Выбрать главу

– И за сколько именно ты можешь подчинить человека?

– Двух вполне достаточно. – Он долго смотрел на меня, а затем в пустоту, сквозь мою руку. – Это моя специализация. Дурить людей. Но многое зависит и от самого человека. Кто-то сопротивляется, а кто-то подчиняется с радостью. Некоторые покорялись меньше чем за секунду.

– Какой ты тип?

– Смотря про какую классификацию ты говоришь.

– Охотники вас условно подразделяют на боевых, лекарей и провидцев.

– Я без понятия. Там есть тип «Махинатор» или «Фокусник»? Или что-то в таком духе, потому что теперь это я.

– Нет. Нету.

– Хм, вот эти охотники как запарились… Систему придумали, а как меня вписать хрен поймешь… А ты… Ты ведь доставлял им какой-то один тип, правильно я понимаю?

– Да. Мне давали наводки на боевых магов.

– Зачем? Они же занимались изучением биомехов, нет? Зачем им боевые маги, которые с биомехами связаны меньше всего?

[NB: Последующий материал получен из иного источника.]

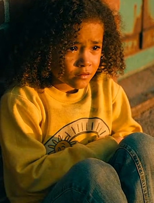 The girl stood a few steps away, hands clasped tightly in front of her, eyes fixed on the ground. Her posture was stiff, like she was bracing herself for something she already expected.
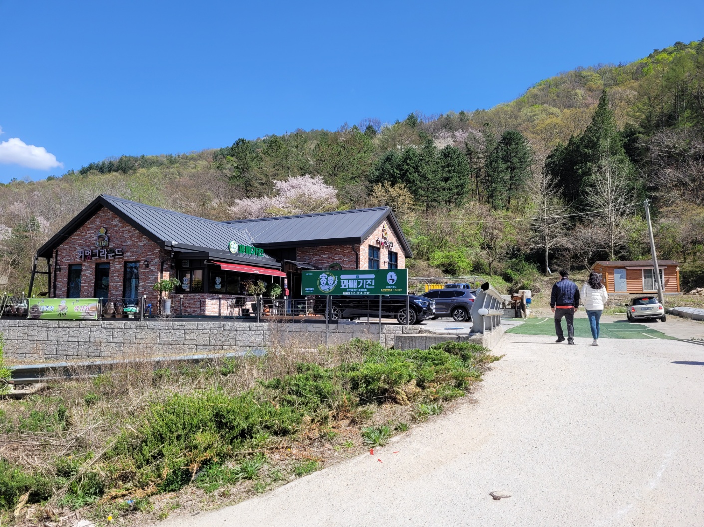 마을에 들어서면 주변에 단독주택, 팬션, 그리고 편백나무숲을 즐기는 사람들을 위한 까페가 많이 보였어요.

Многие из них даже не умеют их создавать…

– Им и не надо.

Я смотрела на него вопросительно, а затем меня осенило. Им действительно не надо.

– Они лишь материал… – Ханс кивнул. – Они вживляли биомехам их сердца, – я поднялась с дивана, не зная, куда себя деть, и начала суетливо ходить вдоль стены. – И сколько их было? Больше десятка точно… Но меньше сотни… Или нет?

– Алиса…

Я резко остановилась.

– А я ведь труп Виктора тогда так и не нашла… И Наташин тоже… Они собирали их повсюду… Алфавит там не случайно оказался, – мои мысли роились внутри головы в полном хаосе, но в то же время все стало таким простым и понятным. – Я знала, что это не было совпадением… Той дорогой никто не пользовался уже лет двадцать, она полностью заросла… Значит, за нами послали эту адскую машину. Послал кто-то, кто был на тот момент в общине и знал все маршруты. Ты говорил, охотники тоже чародеи. Так они могут находить магов, – я неожиданно для себя засмеялась. Руки начинали трястись, ноги подкашивались. – Они в опасности… Они все…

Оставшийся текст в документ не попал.